- [TASK ITEM] Using the data below, output a verbatim copy of the lines between the one holding "La dimensione fisica" and the one holding "이날 도민과의 대화에는", inclusive, without any pictures.

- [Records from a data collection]
===

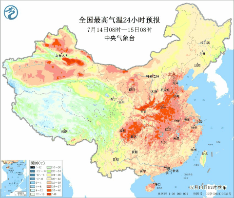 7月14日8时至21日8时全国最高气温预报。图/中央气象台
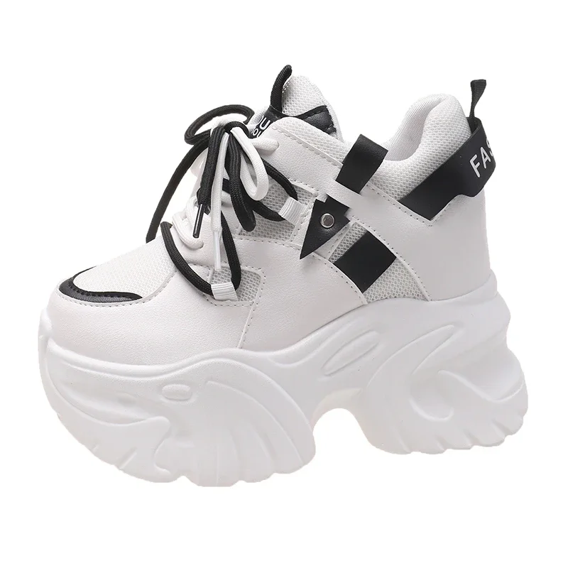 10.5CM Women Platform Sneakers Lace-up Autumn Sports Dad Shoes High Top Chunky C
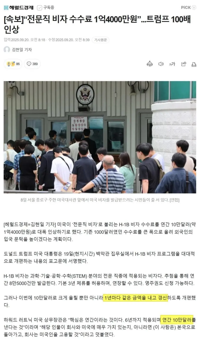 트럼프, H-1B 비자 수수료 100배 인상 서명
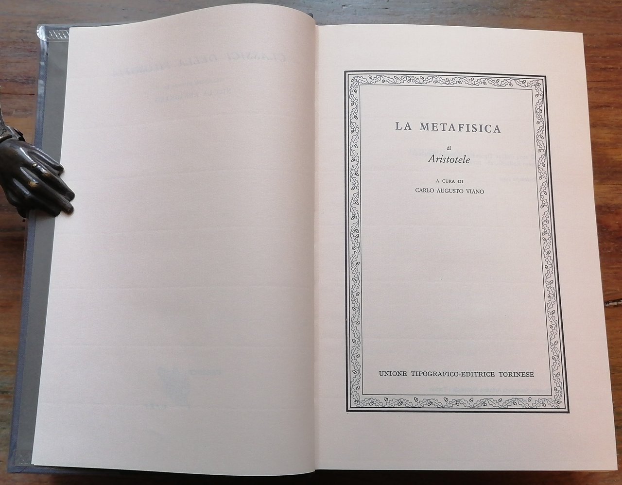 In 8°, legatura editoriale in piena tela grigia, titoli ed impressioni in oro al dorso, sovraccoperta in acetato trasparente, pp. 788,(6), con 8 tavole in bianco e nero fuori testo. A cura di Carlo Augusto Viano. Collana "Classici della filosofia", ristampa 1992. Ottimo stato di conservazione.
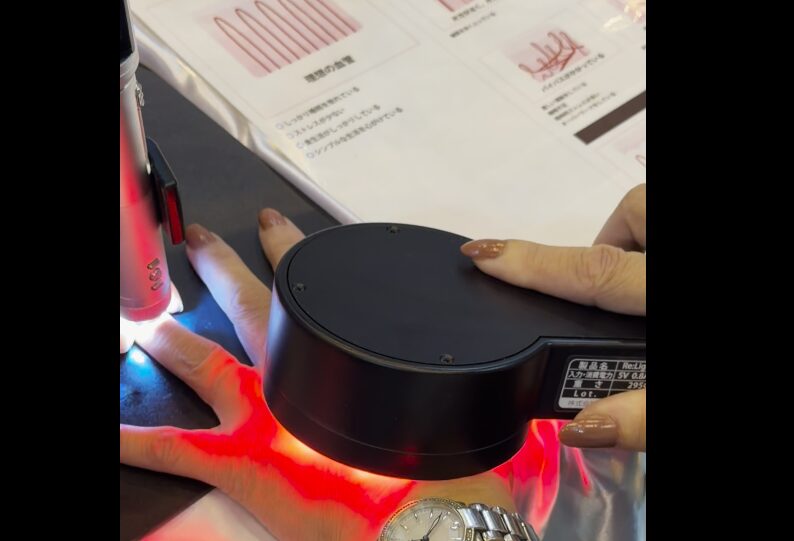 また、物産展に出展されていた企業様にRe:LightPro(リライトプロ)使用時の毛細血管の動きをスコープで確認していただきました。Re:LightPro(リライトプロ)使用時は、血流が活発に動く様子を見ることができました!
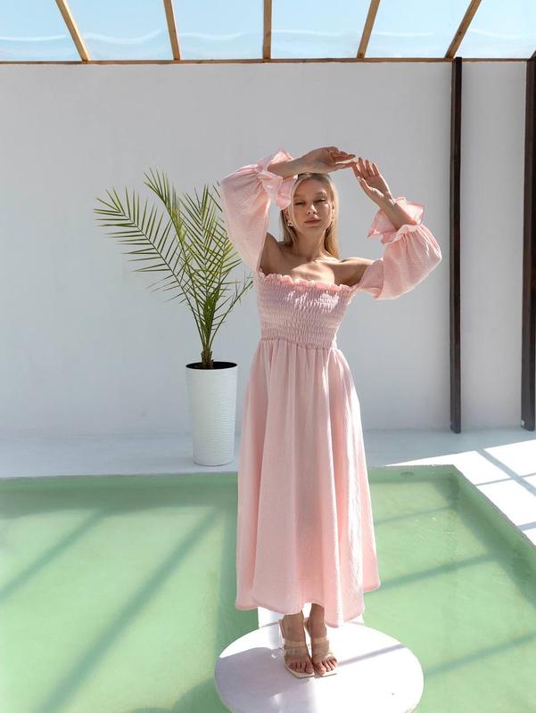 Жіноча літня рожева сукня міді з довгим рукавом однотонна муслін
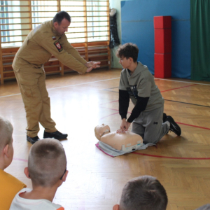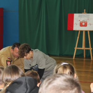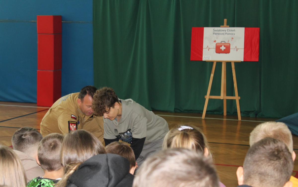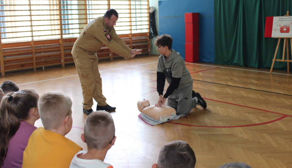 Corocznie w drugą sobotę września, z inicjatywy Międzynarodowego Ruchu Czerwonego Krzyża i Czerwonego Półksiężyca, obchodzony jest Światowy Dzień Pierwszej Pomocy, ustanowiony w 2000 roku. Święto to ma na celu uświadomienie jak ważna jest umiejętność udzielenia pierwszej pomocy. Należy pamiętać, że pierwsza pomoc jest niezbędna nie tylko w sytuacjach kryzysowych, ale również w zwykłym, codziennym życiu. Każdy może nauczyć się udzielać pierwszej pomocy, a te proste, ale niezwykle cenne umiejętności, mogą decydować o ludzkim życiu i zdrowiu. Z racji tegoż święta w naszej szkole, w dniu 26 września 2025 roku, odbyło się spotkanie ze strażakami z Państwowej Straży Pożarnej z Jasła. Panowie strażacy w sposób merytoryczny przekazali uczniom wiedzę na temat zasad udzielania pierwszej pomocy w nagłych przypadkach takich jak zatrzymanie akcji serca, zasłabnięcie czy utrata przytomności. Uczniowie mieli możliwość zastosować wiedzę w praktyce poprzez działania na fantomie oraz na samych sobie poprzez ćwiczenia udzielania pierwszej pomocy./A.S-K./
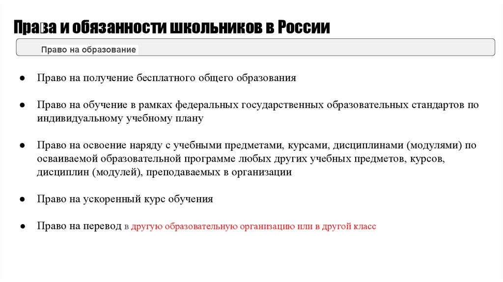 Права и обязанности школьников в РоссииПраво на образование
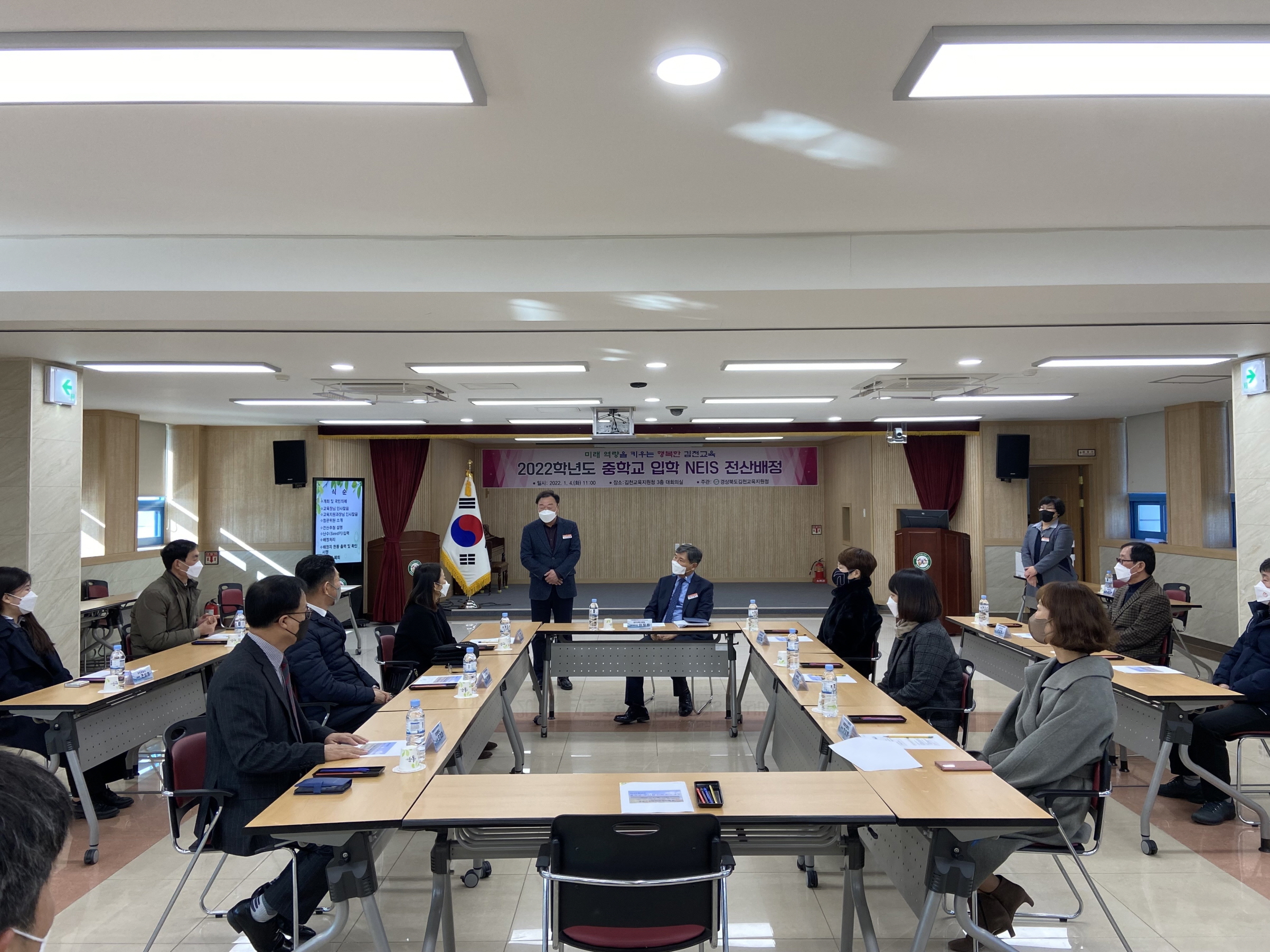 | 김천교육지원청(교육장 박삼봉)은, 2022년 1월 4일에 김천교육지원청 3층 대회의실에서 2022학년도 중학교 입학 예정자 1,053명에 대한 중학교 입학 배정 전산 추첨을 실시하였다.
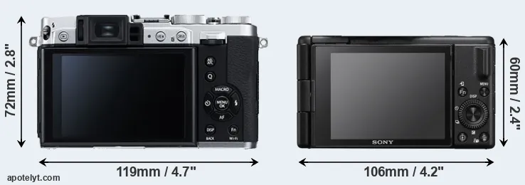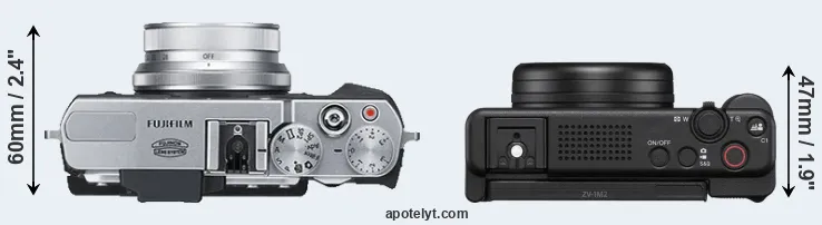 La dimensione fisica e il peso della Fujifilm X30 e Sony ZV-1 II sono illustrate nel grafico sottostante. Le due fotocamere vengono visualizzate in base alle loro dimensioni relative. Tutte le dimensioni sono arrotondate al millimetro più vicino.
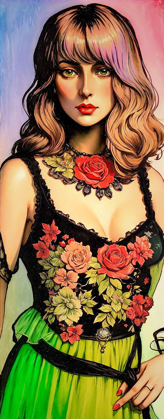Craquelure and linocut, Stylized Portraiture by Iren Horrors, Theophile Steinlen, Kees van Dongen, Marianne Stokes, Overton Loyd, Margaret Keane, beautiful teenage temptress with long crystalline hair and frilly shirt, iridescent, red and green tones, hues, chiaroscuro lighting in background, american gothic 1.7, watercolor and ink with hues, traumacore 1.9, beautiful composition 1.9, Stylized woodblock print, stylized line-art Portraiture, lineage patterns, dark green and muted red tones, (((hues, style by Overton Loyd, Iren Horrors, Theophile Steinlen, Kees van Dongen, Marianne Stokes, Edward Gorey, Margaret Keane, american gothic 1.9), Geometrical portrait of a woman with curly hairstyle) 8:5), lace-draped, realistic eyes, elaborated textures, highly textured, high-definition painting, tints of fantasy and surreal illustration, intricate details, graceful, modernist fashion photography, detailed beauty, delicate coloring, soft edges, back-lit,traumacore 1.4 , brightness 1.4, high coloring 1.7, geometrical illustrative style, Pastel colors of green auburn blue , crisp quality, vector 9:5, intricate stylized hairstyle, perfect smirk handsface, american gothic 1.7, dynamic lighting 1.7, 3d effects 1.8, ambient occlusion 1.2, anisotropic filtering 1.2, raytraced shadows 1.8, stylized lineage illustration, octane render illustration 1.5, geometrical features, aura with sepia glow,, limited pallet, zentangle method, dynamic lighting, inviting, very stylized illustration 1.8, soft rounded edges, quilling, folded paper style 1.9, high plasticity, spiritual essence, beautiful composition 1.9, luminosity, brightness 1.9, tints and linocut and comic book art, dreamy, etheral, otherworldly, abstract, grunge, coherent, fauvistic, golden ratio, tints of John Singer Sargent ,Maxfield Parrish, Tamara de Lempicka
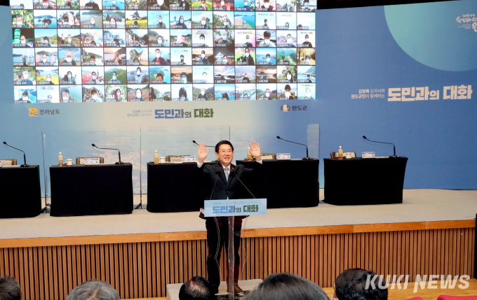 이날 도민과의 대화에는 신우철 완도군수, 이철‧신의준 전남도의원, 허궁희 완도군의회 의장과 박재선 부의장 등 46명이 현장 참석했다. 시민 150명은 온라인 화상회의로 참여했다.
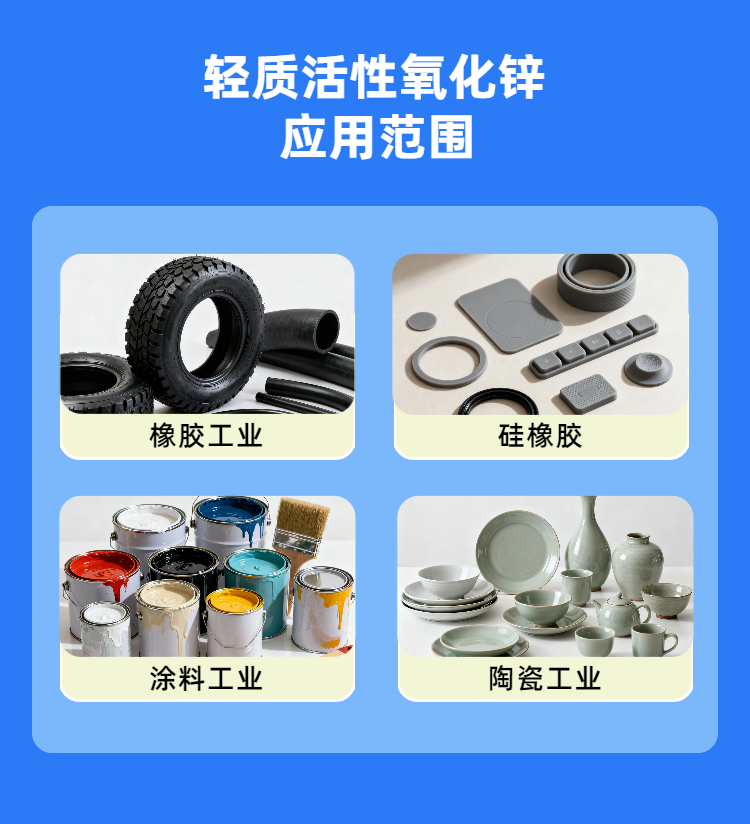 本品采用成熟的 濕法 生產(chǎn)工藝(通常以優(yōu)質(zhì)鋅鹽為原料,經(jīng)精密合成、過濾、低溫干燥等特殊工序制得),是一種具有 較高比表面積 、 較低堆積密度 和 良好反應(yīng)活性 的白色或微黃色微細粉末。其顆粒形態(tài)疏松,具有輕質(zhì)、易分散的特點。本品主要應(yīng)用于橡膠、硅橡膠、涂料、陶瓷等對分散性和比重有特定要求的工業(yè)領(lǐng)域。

===

- [ANSWER SPACE]
 La dimensione fisica e il peso della Fujifilm X30 e Sony ZV-1 II sono illustrate nel grafico sottostante. Le due fotocamere vengono visualizzate in base alle loro dimensioni relative. Tutte le dimensioni sono arrotondate al millimetro più vicino.
Craquelure and linocut, Stylized Portraiture by Iren Horrors, Theophile Steinlen, Kees van Dongen, Marianne Stokes, Overton Loyd, Margaret Keane, beautiful teenage temptress with long crystalline hair and frilly shirt, iridescent, red and green tones, hues, chiaroscuro lighting in background, american gothic 1.7, watercolor and ink with hues, traumacore 1.9, beautiful composition 1.9, Stylized woodblock print, stylized line-art Portraiture, lineage patterns, dark green and muted red tones, (((hues, style by Overton Loyd, Iren Horrors, Theophile Steinlen, Kees van Dongen, Marianne Stokes, Edward Gorey, Margaret Keane, american gothic 1.9), Geometrical portrait of a woman with curly hairstyle) 8:5), lace-draped, realistic eyes, elaborated textures, highly textured, high-definition painting, tints of fantasy and surreal illustration, intricate details, graceful, modernist fashion photography, detailed beauty, delicate coloring, soft edges, back-lit,traumacore 1.4 , brightness 1.4, high coloring 1.7, geometrical illustrative style, Pastel colors of green auburn blue , crisp quality, vector 9:5, intricate stylized hairstyle, perfect smirk handsface, american gothic 1.7, dynamic lighting 1.7, 3d effects 1.8, ambient occlusion 1.2, anisotropic filtering 1.2, raytraced shadows 1.8, stylized lineage illustration, octane render illustration 1.5, geometrical features, aura with sepia glow,, limited pallet, zentangle method, dynamic lighting, inviting, very stylized illustration 1.8, soft rounded edges, quilling, folded paper style 1.9, high plasticity, spiritual essence, beautiful composition 1.9, luminosity, brightness 1.9, tints and linocut and comic book art, dreamy, etheral, otherworldly, abstract, grunge, coherent, fauvistic, golden ratio, tints of John Singer Sargent ,Maxfield Parrish, Tamara de Lempicka
 이날 도민과의 대화에는 신우철 완도군수, 이철‧신의준 전남도의원, 허궁희 완도군의회 의장과 박재선 부의장 등 46명이 현장 참석했다. 시민 150명은 온라인 화상회의로 참여했다.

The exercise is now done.